Processo contra Aspyr por DLC cancelado de KOTOR 2 chega a acordo após reviravoltas bizarras
O caso judicial movido por um jogador contra a Aspyr foi resolvido no início deste mês. A ação, iniciada por um fã insatisfeito com o que considerou ‘propaganda enganosa’ da empresa após o DLC baseado no Restored Content Mod de KOTOR 2 não ter sido lançado para Nintendo Switch, terminou com um acordo entre a Aspyr e os jogadores envolvidos.
O acordo encerrou uma saga de dois anos e meio que, conforme relatado recentemente pelo Game File, teve momentos surpreendentes enquanto tramitava na justiça. Em várias ocasiões, o processo presenciou alegações de possessão demoníaca, advogados citando letras de rap e a Aspyr tentando proteger o que considerava segredos comerciais vitais.
O processo começou no final do verão de 2023, com o jogador Malachi Mickelonis processando a Aspyr por suposta fraude ao consumidor, após se sentir ‘enganado’ pela empresa, que havia lançado KOTOR 2 no Switch em 2022. Em um trailer do YouTube para o port, a Aspyr havia mencionado brevemente que um DLC construído usando o Restored Content Mod chegaria ao Switch no terceiro trimestre daquele ano. No entanto, esse DLC não foi lançado e acabou cancelado.
Mickelonis foi representado pelo ex-advogado corporativo Ray Kim, e as coisas ficaram estranhas rapidamente. Em novembro daquele ano, os advogados da Aspyr pediram a retirada do caso, argumentando que o Tribunal Distrital Central da Califórnia deveria penalizar Kim e cobrar seus custos processuais. Kim respondeu com uma petição que usou referências da cultura pop para fazer seu ponto.

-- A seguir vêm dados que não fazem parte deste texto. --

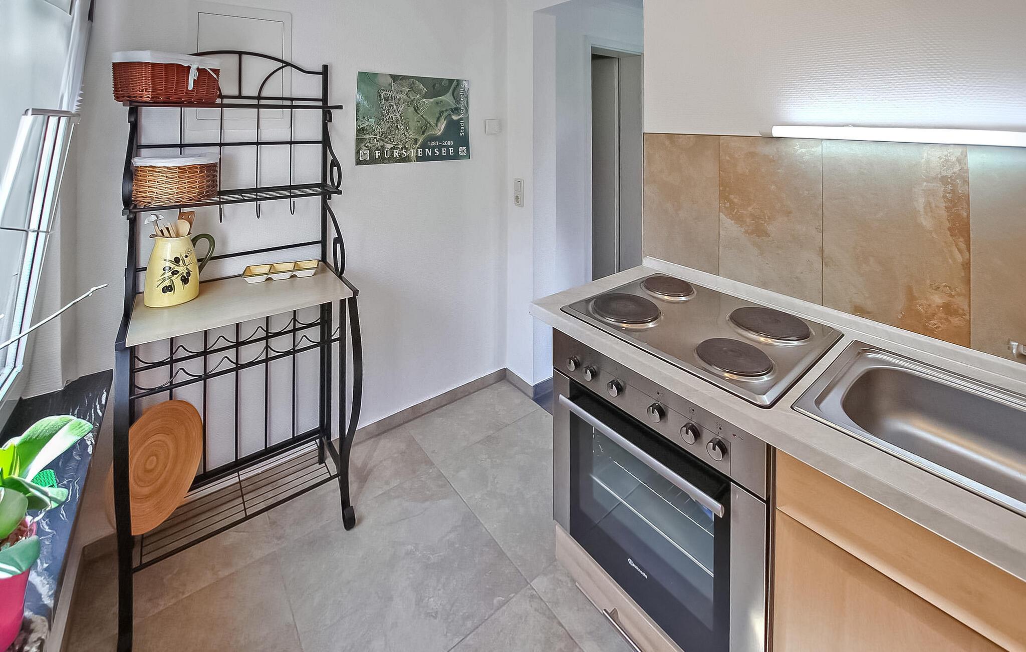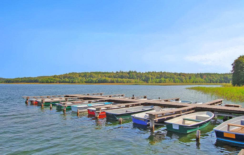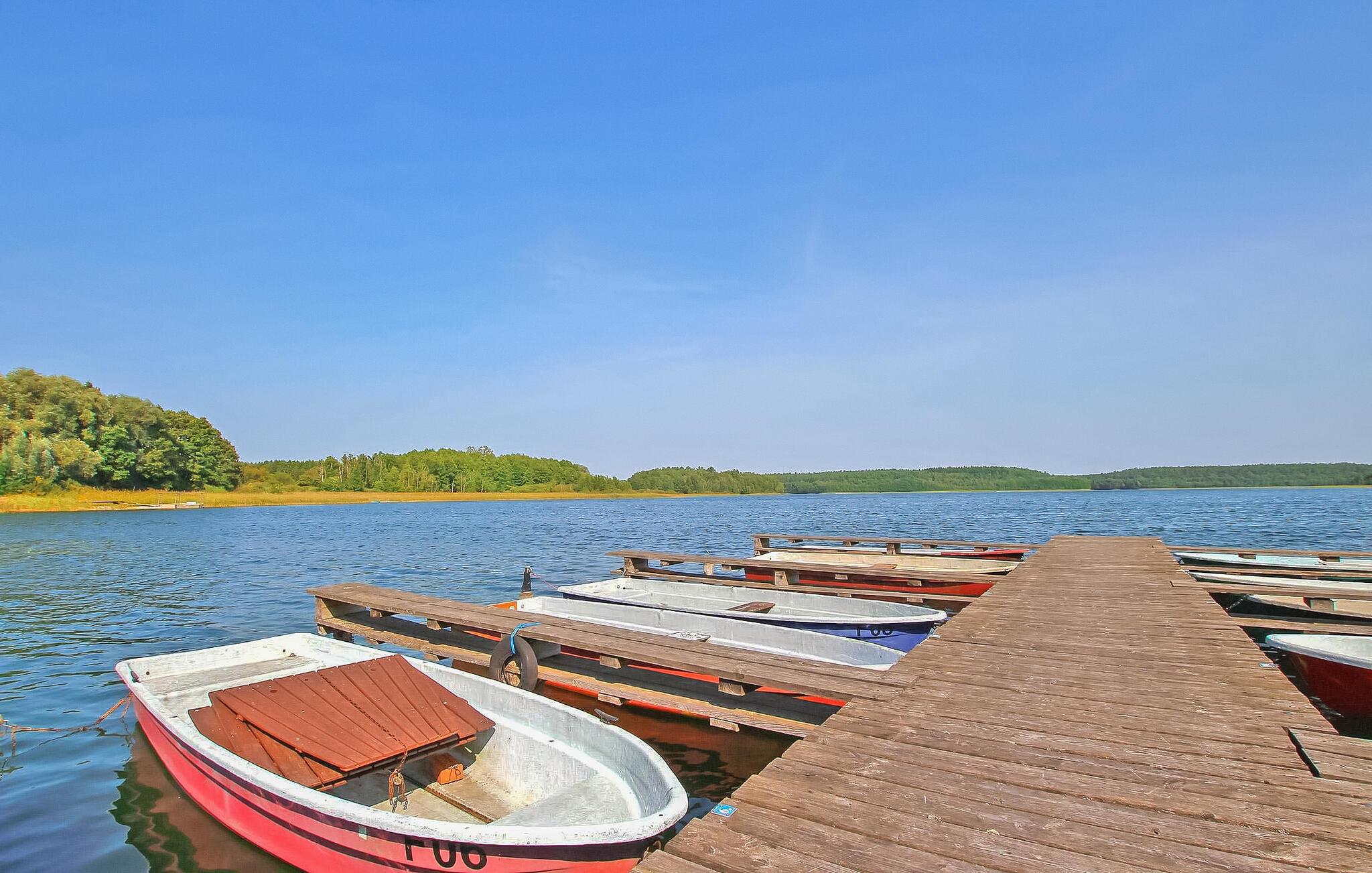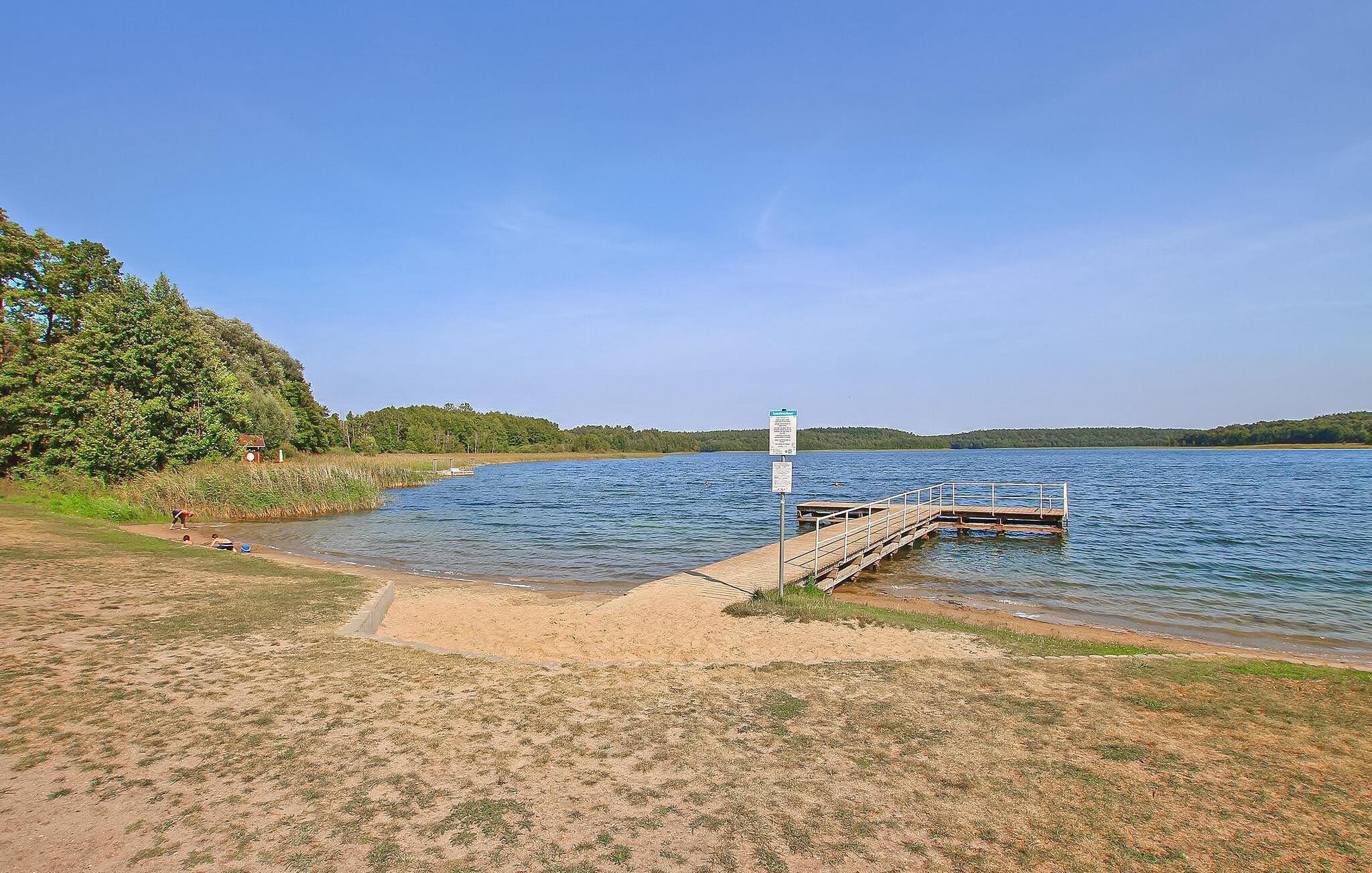 Kun cirka 100 m fra Fürstensee-stranden ligger det hyggelige sommerhus, som sidst er renoveret i 2022, på ejerens 1000 kvm velholdte boligejendom. I stueetagen er der opholdsstue (polstret opholdsområde, spiseplads, LED TV, radio), køkken med el-komfur og ovn samt badeværelse (renoveret, med bruseniche, håndklæderadiator, toilet). soveværelser har hver en dobbeltseng eller 2 enkeltsenge (gennemgangsværelse med dør) er på loftet. Hele universitetet er centralt opvarmet. Der er terrasse med opholdsområde, 2 liggestole, grill, parkeringsplads, cykelkælder og WiFi. En robåd kan benyttes gratis. En offentlig legeplads ligger kun 50 m væk. Den samlede pris inkluderer sengelinned, slutrengøring og vandforbrug. Energi faktureres lokalt baseret på forbrug. Medbring venligst dine egne håndklæder. Kæledyr er ikke tilladt i denne ejendom. Fürstensee, en bydel i byen Neustrelitz (ca. 5 km), ligger midt i et smukt skov- og sølandskab. Søen af samme navn har fremragende vandkvalitet og er en af de mest populære badesøer i hele området. Naturlige badestrande i byen. "Mecklenburg Lakes Cycle Path" løber gennem byen og løber 640 km fra West Mecklenburg til Usedom.

O Game File observa que esse período viu Kim e os advogados da Aspyr brigando ‘de uma petição para a outra’. Em uma dessas petições, Kim alega que um dos representantes legais da Aspyr começou a gritar com seu cliente ‘como se estivesse possuído por um demônio’. O advogado em questão, Keith Scully, afirmou em um e-mail que havia levantado a voz durante a conversa para retomá-la de forma ‘produtiva’.
A Aspyr, por sua vez, apresentou vários argumentos em sua defesa. Inicialmente, seu principal ponto foi que, quando o DLC foi cancelado, a Aspyr ofereceu um jogo gratuito como compensação, o que, segundo alegou, anulava a acusação de propaganda enganosa. Mas isso não convenceu o juiz.
Os advogados da Aspyr então argumentaram que a menção ao DLC não poderia ter sido amplamente vista porque apareceu no final de um trailer do YouTube, alegando que ‘muitos espectadores do YouTube pulam [vídeos] após os primeiros cinco segundos’. Em abril deste ano, a Aspyr obteve o depoimento de um especialista, o ex-gerente de produção da Blizzard, Frank Gilson, que testemunhou que o DLC prometido ‘não tem valor econômico’ por ser baseado em conteúdo feito por fãs e oferecido gratuitamente.
Um dos aspectos mais intrigantes do processo também surgiu dessas petições de abril. Aqui, os advogados da Aspyr solicitaram que vários documentos fossem ocultados. Esses documentos incluíam ‘cadeias de e-mails’ entre a Aspyr e a Lucasfilm, que, na visão da Aspyr, ‘revelavam um segredo comercial fundamental: as identidades das pessoas certas para trabalhar na Lucasfilm para obter acesso à propriedade intelectual’.
A Aspyr alegou que levou ‘anos, às vezes décadas’ para cultivar esses relacionamentos e que revelá-los causaria à empresa ‘dano comercial duradouro’. O tribunal permitiu a ocultação.
A saga terminou quando o juiz determinou que o caso entre Mickelonis e a Aspyr, que neste ponto havia diminuído de uma ação coletiva para um caso menor envolvendo menos de 20 jogadores, poderia prosseguir para julgamento, momento em que começaram as negociações para um acordo. Um segundo caso, desta vez entre os jogadores e a Disney, que se envolveu no processo por ter bloqueado o uso do mod Restored Content no DLC, também foi resolvido extrajudicialmente.